Predicting one character at a time is actually not bad either:

  • “Met’s said that visit in Canada Repain man are on years & Republicans in Donny, who many military next very election, in its. First every idea, we will #MyLain”
  • -“Few must used, that is the day — frust right to do it being many havings and losiques to the 201 terrific speech, making the whouse!”
  • -“@Reperbeck was making my canced representers, is an immaining a very impicial who he’ll has at coming his families and restrating event that hates on Email Cimenicina, and thank you. She is in that it would go win — its #IPine just build the best history). I will #MakeAmericaGreatAgain”

I was particularly happy to see that the model learned words from characters for the most part, as the second model only ever saw one letter at a time. It even learned to predict the phrase “I will #MakeAmericaGreatAgain”, character by character, which I though was really cool. But the tweets don’t really make sense as a whole.

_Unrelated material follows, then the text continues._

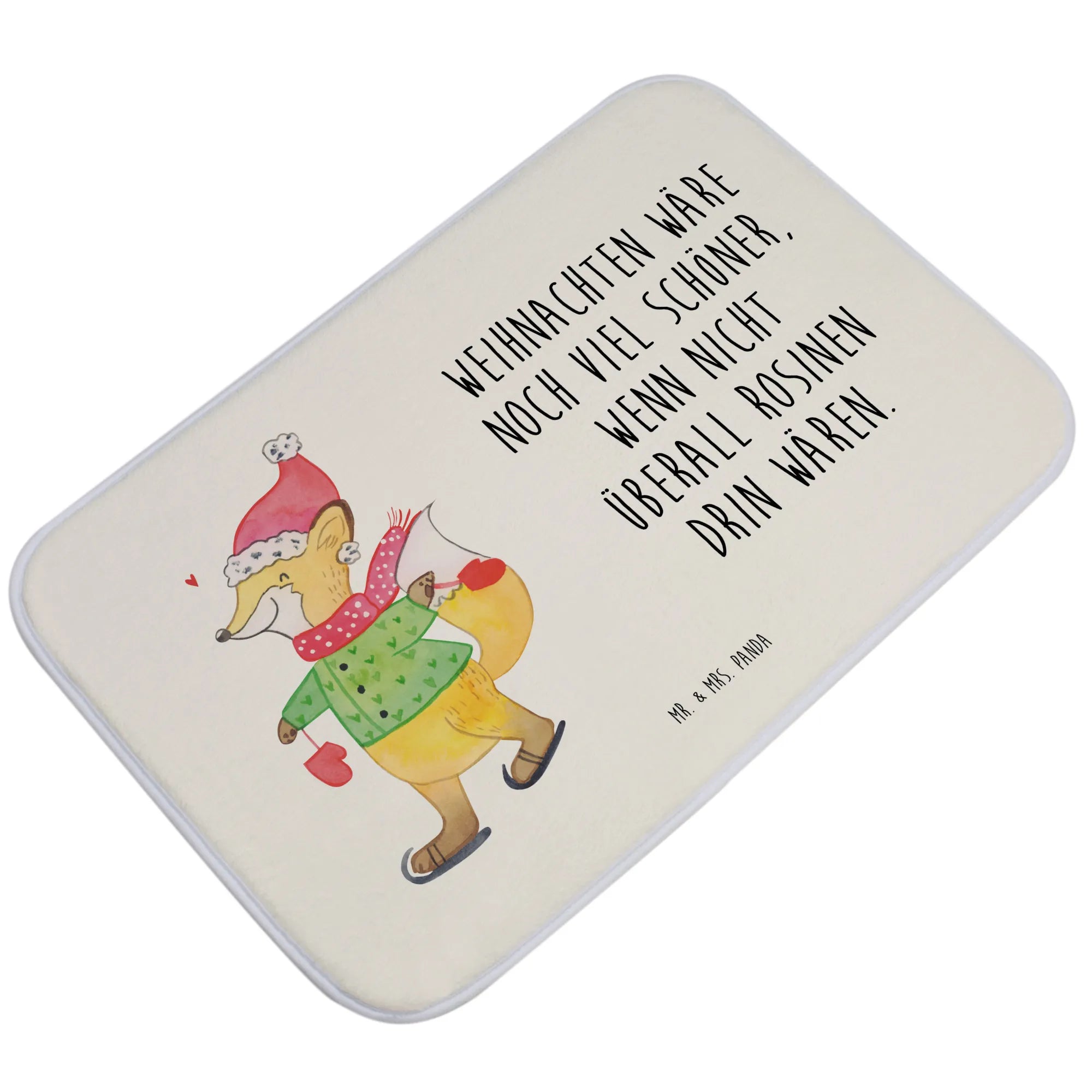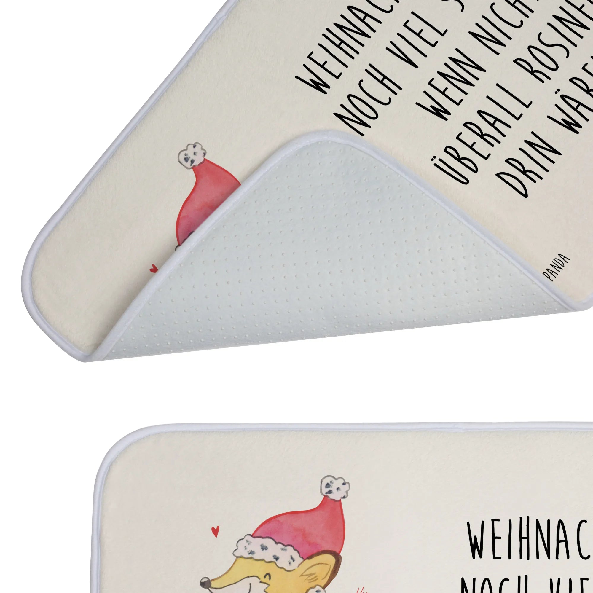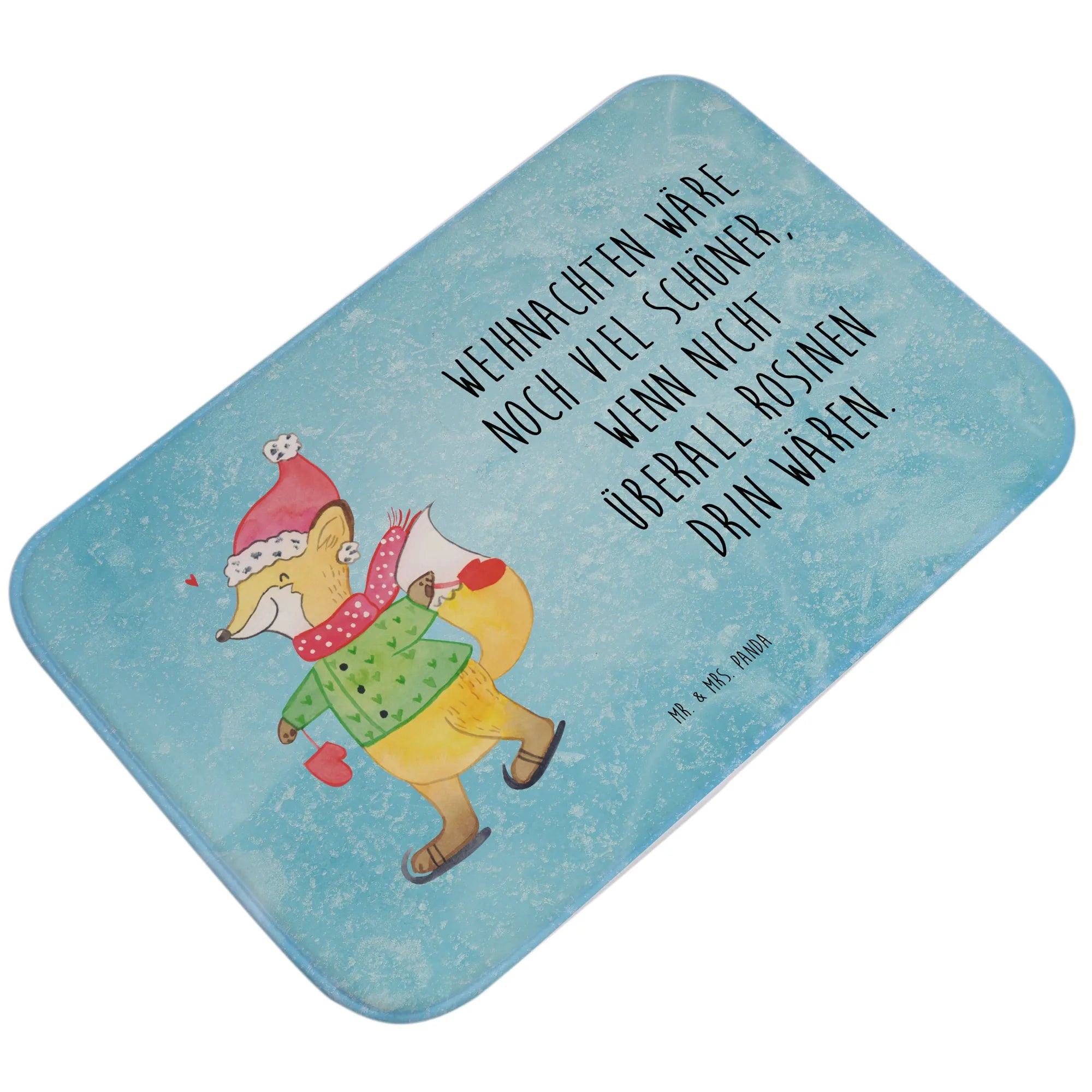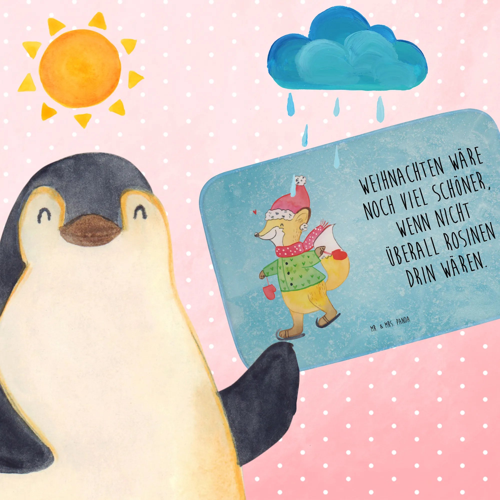 Unsere Badematte „Fuchs Schlittschuhe" aus der Winter Kollektion von Mr. & Mrs. Panda bringt sofort Weihnachtsstimmung in dein Zuhause. Auf einem eisblauen Hintergrund trägt ein fröhlicher Fuchs Schlittschuhe, grünen Mantel, roten Schal und eine passende Weihnachtsmütze. Der freche Spruch „Weihnachten wäre noch viel schöner, wenn nicht überall Rosinen drin wären.” rundet das Motiv charmant ab und sorgt für Schmunzeln bei Groß und Klein.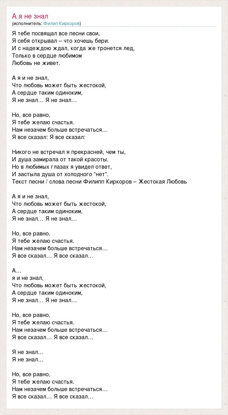 Я тебе посвящал все песни свои, Я себя открывал – что хочешь бери. И с надеждою ждал, когда же тронется лед, Только в сердце любимом Любовь не живет. А я и не знал, Что любовь может быть жестокой, А сердце таким одиноким, Я не знал… Я не знал… Но, все равно, Я тебе желаю счастья. Нам незачем больше встречаться… Я все сказал: Я все сказал: Никого не встречал я прекрасней, чем ты, И душа замирала от такой красоты. Но в любимых глазах я увидел ответ, И застыла душа от холодного “нет”. Текст песни / слова песни Филипп Киркоров – Жестокая Любовь А я и не знал, Что любовь может быть жестокой, А сердце таким одиноким, Я не знал… Я не знал… Но, все равно, Я тебе желаю счастья. Нам незачем больше встречаться… Я все сказал… Я все сказал… А… я и не знал, Что любовь может быть жестокой, А сердце таким одиноким, Я не знал… Я не знал… Но, все равно, Я тебе желаю счастья. Нам незачем больше встречаться… Я все сказал… Я все сказал… Я не знал… Я не знал… Но, все равно, Я тебе желаю счастья. Нам незачем больше встречаться… Я все сказал… Я все сказал…

My guess is because it has many more examples of words than entire tweets, so it learns to be very good on those. It also gets less confused when it’s learning, because it only has to choose between 317 distinct characters at each step instead of 52,347 distinct words.

I’m working on a more technical version of this post, and in the meantime if you’re interested you can find the code on github at are people who have done this more seriously,,as well as more recent language generation models using more sophisticated techniques. The OpenAI post I mentioned earlier is quite good in this regard.

In any case I had fun. Who knows, maybe my computer will actually make sense someday.